In your copy, include every record exactly and no pictures.

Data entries
Start of Block

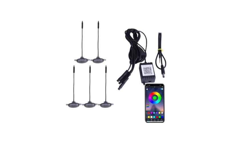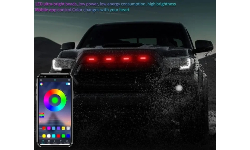Φώτα ημέρας αυτοκινήτου LED, σετ 5 τεμαχίων, τηλεχειριζόμενα μέσα App από το smartphone σας, με τοποθέτηση στη μάσκα του αυτοκινήτου, ιδανικά για ασφαλή οδήγηση την ημέρα και σε συνθήκες βροχής και ομίχλης αλλά και για διακοσμητικό φωτισμό.
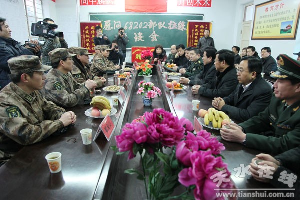 張明泰一行給部隊官兵送去了豬肉、帶魚、水果、蔬菜等價值2.6萬元的慰問品,并在娘娘壩中學和部隊首長進行座談交流,共敘魚水深情。張明泰說,68202部隊是一支有著光榮傳統(tǒng)的鋼鐵之師、英雄部隊,為地方經(jīng)濟發(fā)展、社會事業(yè)的繁榮進步作出了貢獻,特別當發(fā)生地震、山洪暴發(fā)等自然災(zāi)害時部隊官兵總是沖在第一線為黨和政府分憂解愁,為受災(zāi)百姓筑起安全屏障。他表示,秦州人民和各級黨委、政府將一如既往地做好擁軍工作,盡可能為部隊提供最好的服務(wù)和支持。
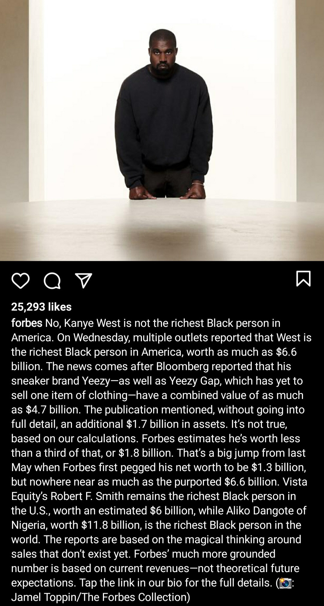 Forbes has denied reports that Kanye West is now the richest black man in America’s history after his businesses were valued at $6.6 billion.
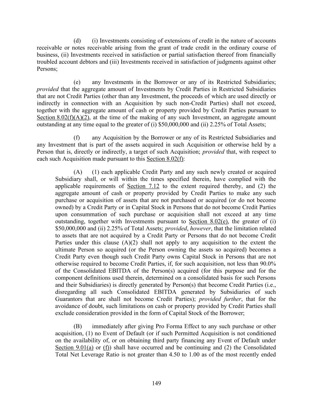 149 (d) (i) Investments consisting of extensions of credit in the nature of accounts receivable or notes receivable arising from the grant of trade credit in the ordinary course of business, (ii) Investments received in satisfaction or partial satisfaction thereof from financially troubled account debtors and (iii) Investments received in satisfaction of judgments against other Persons; (e) any Investments in the Borrower or any of its Restricted Subsidiaries; provided that the aggregate amount of Investments by Credit Parties in Restricted Subsidiaries that are not Credit Parties (other than any Investment, the proceeds of which are used directly or indirectly in connection with an Acquisition by such non-Credit Parties) shall not exceed, together with the aggregate amount of cash or property provided by Credit Parties pursuant to Section 8.02(f)(A)(2), at the time of the making of any such Investment, an aggregate amount outstanding at any time equal to the greater of (i) $50,000,000 and (ii) 2.25% of Total Assets; (f) any Acquisition by the Borrower or any of its Restricted Subsidiaries and any Investment that is part of the assets acquired in such Acquisition or otherwise held by a Person that is, directly or indirectly, a target of such Acquisition; provided that, with respect to each such Acquisition made pursuant to this Section 8.02(f): (A) (1) each applicable Credit Party and any such newly created or acquired Subsidiary shall, or will within the times specified therein, have complied with the applicable requirements of Section 7.12 to the extent required thereby, and (2) the aggregate amount of cash or property provided by Credit Parties to make any such purchase or acquisition of assets that are not purchased or acquired (or do not become owned) by a Credit Party or in Capital Stock in Persons that do not become Credit Parties upon consummation of such purchase or acquisition shall not exceed at any time outstanding, together with Investments pursuant to Section 8.02(e), the greater of (i) $50,000,000 and (ii) 2.25% of Total Assets; provided, however, that the limitation related to assets that are not acquired by a Credit Party or Persons that do not become Credit Parties under this clause (A)(2) shall not apply to any acquisition to the extent the ultimate Person so acquired (or the Person owning the assets so acquired) becomes a Credit Party even though such Credit Party owns Capital Stock in Persons that are not otherwise required to become Credit Parties, if, for such acquisition, not less than 90.0% of the Consolidated EBITDA of the Person(s) acquired (for this purpose and for the component definitions used therein, determined on a consolidated basis for such Persons and their Subsidiaries) is directly generated by Person(s) that become Credit Parties (i.e., disregarding all such Consolidated EBITDA generated by Subsidiaries of such Guarantors that are shall not become Credit Parties); provided further, that for the avoidance of doubt, such limitations on cash or property provided by Credit Parties shall exclude consideration provided in the form of Capital Stock of the Borrower; (B) immediately after giving Pro Forma Effect to any such purchase or other acquisition, (1) no Event of Default (or if such Permitted Acquisition is not conditioned on the availability of, or on obtaining third party financing any Event of Default under Section 9.01(a) or (f)) shall have occurred and be continuing and (2) the Consolidated Total Net Leverage Ratio is not greater than 4.50 to 1.00 as of the most recently ended
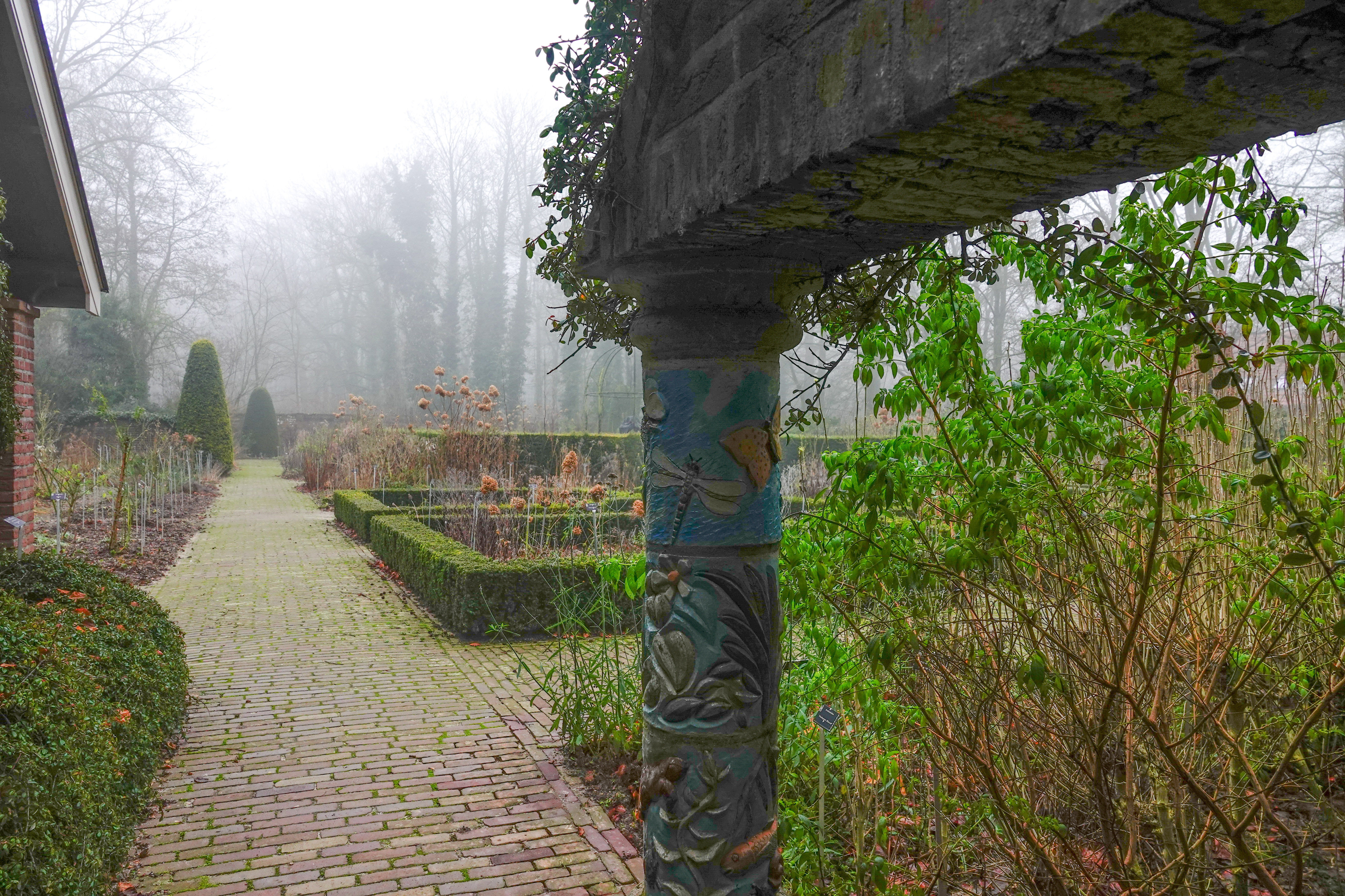 Die mist bleef bovendien de hele dag hangen. Je zou zeggen, een dag om somber van te worden, maar wij hebben met zijn zessen verschrikkelijk genoten. De wereld om ons heen was dan wel klein, maar dat leverde heel speciale vergezichten en doorkijkjes op. Je zou het niet verwachten, maar de ‘oh’s en ah’s’ waren onderweg niet van de lucht.
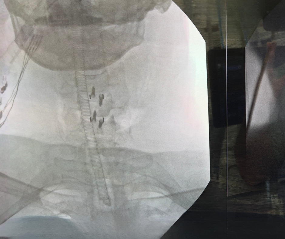 Imagem de pós-operatório de artrodese para descompressão medular em paciente com mielopatia cervical
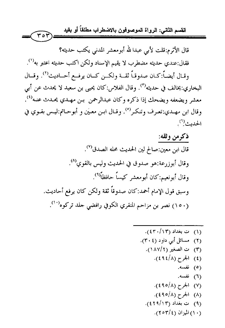 وقال أيضاً: كان صدوقاً ثقة ولكن كان يرفع أحاديث2. وقال البخاري: يخالف في حديثه3. وقال الفلاس: كان يحيى بن سعيد لا يحدث عن أبي معشر ويضعفه ويضحك إذا ذكره وكان عبد الرحمن بن مهدي يحدث عنه4. وقال ابن مهدي: تعرف وتنكر5. وقال ابن معين وأبو حاتم: ليس بقوي في الحديث6.
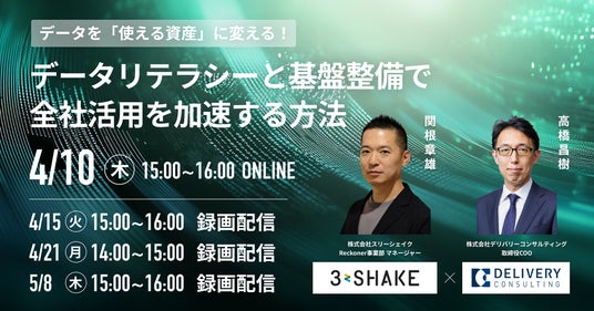データリテラシーの向上を通じてデータドリブンカンパニーへの変革を支援する株式会社デリバリーコンサルティング(本社:東京都港区、取締役CEO:内藤 秀治郎)は、DXプラットフォームサービス「Reckoner(レコナー)」を提供する株式会社スリーシェイク(本社:東京都新宿区、代表取締役社長:吉田 拓真)と共催でWEBセミナーを開催いたします。
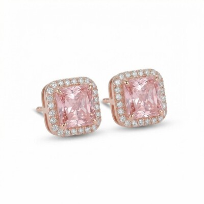 Pink Radiant Cut Halo S925 Silver Earrings
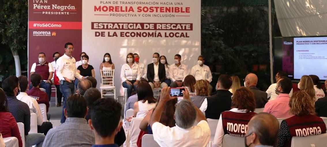 Morelia, Mich., a 5 de Mayo 2021.- «Juntos vamos a rescatar nuestra economía, porque nosotros sí sabemos cómo» mencionó Iván Pérez Negrón, candidato a la alcaldía de Morelia durante la presentación de su Plan de Transformación.
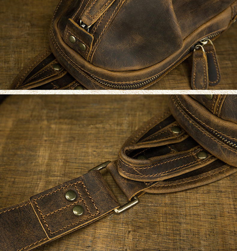 Men's Handmade Full-Grain Leather Sling Bag – Large-Capacity Chest Pack
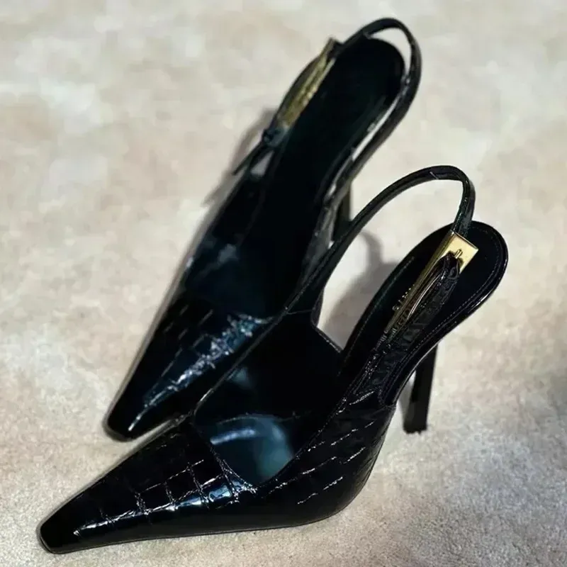 Pointed Stiletto Heels Women Pumps Patent Leather 2024 Summer Designer Mule Sandals Elegant Sexy Office High Heels Women Shoes

End of Block

_RESULT BELOW_.
Φώτα ημέρας αυτοκινήτου LED, σετ 5 τεμαχίων, τηλεχειριζόμενα μέσα App από το smartphone σας, με τοποθέτηση στη μάσκα του αυτοκινήτου, ιδανικά για ασφαλή οδήγηση την ημέρα και σε συνθήκες βροχής και ομίχλης αλλά και για διακοσμητικό φωτισμό.
 張明泰一行給部隊官兵送去了豬肉、帶魚、水果、蔬菜等價值2.6萬元的慰問品,并在娘娘壩中學和部隊首長進行座談交流,共敘魚水深情。張明泰說,68202部隊是一支有著光榮傳統(tǒng)的鋼鐵之師、英雄部隊,為地方經(jīng)濟發(fā)展、社會事業(yè)的繁榮進步作出了貢獻,特別當發(fā)生地震、山洪暴發(fā)等自然災(zāi)害時部隊官兵總是沖在第一線為黨和政府分憂解愁,為受災(zāi)百姓筑起安全屏障。他表示,秦州人民和各級黨委、政府將一如既往地做好擁軍工作,盡可能為部隊提供最好的服務(wù)和支持。
 Forbes has denied reports that Kanye West is now the richest black man in America’s history after his businesses were valued at $6.6 billion.
 149 (d) (i) Investments consisting of extensions of credit in the nature of accounts receivable or notes receivable arising from the grant of trade credit in the ordinary course of business, (ii) Investments received in satisfaction or partial satisfaction thereof from financially troubled account debtors and (iii) Investments received in satisfaction of judgments against other Persons; (e) any Investments in the Borrower or any of its Restricted Subsidiaries; provided that the aggregate amount of Investments by Credit Parties in Restricted Subsidiaries that are not Credit Parties (other than any Investment, the proceeds of which are used directly or indirectly in connection with an Acquisition by such non-Credit Parties) shall not exceed, together with the aggregate amount of cash or property provided by Credit Parties pursuant to Section 8.02(f)(A)(2), at the time of the making of any such Investment, an aggregate amount outstanding at any time equal to the greater of (i) $50,000,000 and (ii) 2.25% of Total Assets; (f) any Acquisition by the Borrower or any of its Restricted Subsidiaries and any Investment that is part of the assets acquired in such Acquisition or otherwise held by a Person that is, directly or indirectly, a target of such Acquisition; provided that, with respect to each such Acquisition made pursuant to this Section 8.02(f): (A) (1) each applicable Credit Party and any such newly created or acquired Subsidiary shall, or will within the times specified therein, have complied with the applicable requirements of Section 7.12 to the extent required thereby, and (2) the aggregate amount of cash or property provided by Credit Parties to make any such purchase or acquisition of assets that are not purchased or acquired (or do not become owned) by a Credit Party or in Capital Stock in Persons that do not become Credit Parties upon consummation of such purchase or acquisition shall not exceed at any time outstanding, together with Investments pursuant to Section 8.02(e), the greater of (i) $50,000,000 and (ii) 2.25% of Total Assets; provided, however, that the limitation related to assets that are not acquired by a Credit Party or Persons that do not become Credit Parties under this clause (A)(2) shall not apply to any acquisition to the extent the ultimate Person so acquired (or the Person owning the assets so acquired) becomes a Credit Party even though such Credit Party owns Capital Stock in Persons that are not otherwise required to become Credit Parties, if, for such acquisition, not less than 90.0% of the Consolidated EBITDA of the Person(s) acquired (for this purpose and for the component definitions used therein, determined on a consolidated basis for such Persons and their Subsidiaries) is directly generated by Person(s) that become Credit Parties (i.e., disregarding all such Consolidated EBITDA generated by Subsidiaries of such Guarantors that are shall not become Credit Parties); provided further, that for the avoidance of doubt, such limitations on cash or property provided by Credit Parties shall exclude consideration provided in the form of Capital Stock of the Borrower; (B) immediately after giving Pro Forma Effect to any such purchase or other acquisition, (1) no Event of Default (or if such Permitted Acquisition is not conditioned on the availability of, or on obtaining third party financing any Event of Default under Section 9.01(a) or (f)) shall have occurred and be continuing and (2) the Consolidated Total Net Leverage Ratio is not greater than 4.50 to 1.00 as of the most recently ended
 Die mist bleef bovendien de hele dag hangen. Je zou zeggen, een dag om somber van te worden, maar wij hebben met zijn zessen verschrikkelijk genoten. De wereld om ons heen was dan wel klein, maar dat leverde heel speciale vergezichten en doorkijkjes op. Je zou het niet verwachten, maar de ‘oh’s en ah’s’ waren onderweg niet van de lucht.
 Imagem de pós-operatório de artrodese para descompressão medular em paciente com mielopatia cervical
 وقال أيضاً: كان صدوقاً ثقة ولكن كان يرفع أحاديث2. وقال البخاري: يخالف في حديثه3. وقال الفلاس: كان يحيى بن سعيد لا يحدث عن أبي معشر ويضعفه ويضحك إذا ذكره وكان عبد الرحمن بن مهدي يحدث عنه4. وقال ابن مهدي: تعرف وتنكر5. وقال ابن معين وأبو حاتم: ليس بقوي في الحديث6.
データリテラシーの向上を通じてデータドリブンカンパニーへの変革を支援する株式会社デリバリーコンサルティング(本社:東京都港区、取締役CEO:内藤 秀治郎)は、DXプラットフォームサービス「Reckoner(レコナー)」を提供する株式会社スリーシェイク(本社:東京都新宿区、代表取締役社長:吉田 拓真)と共催でWEBセミナーを開催いたします。
 Pink Radiant Cut Halo S925 Silver Earrings
 Morelia, Mich., a 5 de Mayo 2021.- «Juntos vamos a rescatar nuestra economía, porque nosotros sí sabemos cómo» mencionó Iván Pérez Negrón, candidato a la alcaldía de Morelia durante la presentación de su Plan de Transformación.
 Men's Handmade Full-Grain Leather Sling Bag – Large-Capacity Chest Pack
 Pointed Stiletto Heels Women Pumps Patent Leather 2024 Summer Designer Mule Sandals Elegant Sexy Office High Heels Women Shoes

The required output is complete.